1 Document reading and conveying section
3 Pickup roller
5 Separation roller
7 First transport roller
9 Second transport roller
M drive motor
M4 gear train
M43 coupling gear
M44 feed gear
M46 regulation means
M421 coupling part
M431 coupling part

Claims (10)

A driving source;
A transport unit for transporting the sheet;
A transmission unit that transmits the driving force of the driving source to the transport unit via a plurality of gears;
A cover that can be opened to open the transport unit;
With
The transmission unit is
A coupling part that can be coupled and separated in the axial direction of rotation;
An urging gear configuration for urging the coupling portion in a direction to separate with rotation;
A regulating means that abuts on the coupling part and regulates the coupling part in a direction in which the coupling part is coupled;
Have
When the cover is closed, the coupling unit is coupled by the regulating means and transmits the driving force of the driving source to the transport unit,
When the cover is opened, the coupling part is released from the restriction by the restriction means and separated by the urging force of the urging gear structure, and the driving force of the driving source is not transmitted to the transport part.
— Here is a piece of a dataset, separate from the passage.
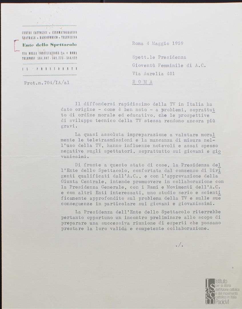 Il presidente dell'Ente dello spettacolo, Ildo Avetta, invita la presidenza di GF all'incontro previsto per il 13 maggio1959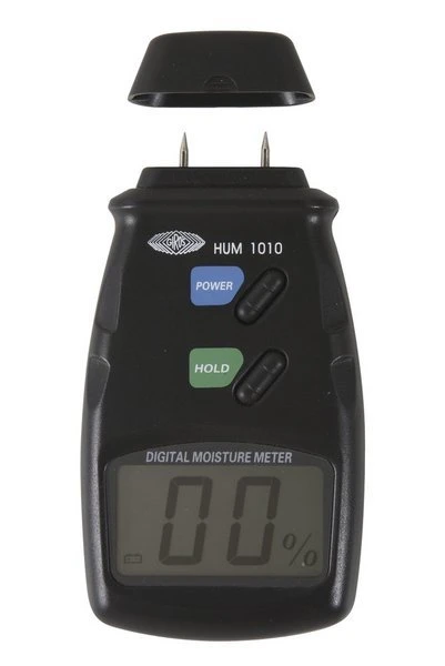 - два контакта электрода необходимо вдавить в поверхность древесины, и на ЖК-дисплее отобразится процент оставшейся влажности

A feeding device.   The biasing gear configuration includes a helical gear having a torsion angle that generates a force in a direction in which the coupling part is separated during rotation between the coupling part and a gear coupled to the coupling part. The feeding device according to claim 1.   The feeding device according to claim 1, wherein the biasing gear configuration is configured to mesh with each other, provided on the coupling portion, and formed with slopes that generate a force in a direction of separation when rotating. . The biasing gear configuration includes a helical gear having a torsion angle that generates a force in a direction in which the coupling part separates during rotation between the coupling part and a gear coupled to the coupling part, and the coupling And a meshing structure formed with slopes that generate forces in a direction to separate when rotating, and
2. The torsion angle and the inclined surface are determined so as to urge the coupling portion in a direction in which the coupling portion is separated along with the rotation regardless of the rotation direction of the drive source. The feeding device described.   The said restriction | limiting means has a shape which cancels | releases restrictions with respect to the said coupling part gradually when the said cover is opened, The any one of Claim 1 thru | or 4 characterized by the above-mentioned. Feeding device.   6. The urging gear structure urges the coupling unit in a direction to separate the coupling unit when the transport unit is rotated in a state where the cover is opened. 6. Item 1. The feeding device according to item 1. Further comprising holding means for holding the cover when the cover is closed at both ends in a direction intersecting the direction of conveying the sheet,
The holding force of the holding means located closer to the drive source and the transmission unit is stronger than the holding force of the holding means located farther from the drive source and the transmission unit. 7. The feeding device according to any one of items 6 to 6. Encoder means for detecting rotation of the drive source;
The feeding device according to any one of claims 1 to 7, wherein whether or not the cover is opened is determined based on a result obtained from the encoder means.   The feeding apparatus according to claim 1, further comprising a reading unit that reads an image of a sheet conveyed by the conveyance unit.   The reading unit is used for both image reading of a sheet conveyed by the conveying unit and image reading while moving with respect to a sheet placed on a glass surface. 9. The feeding device according to 9.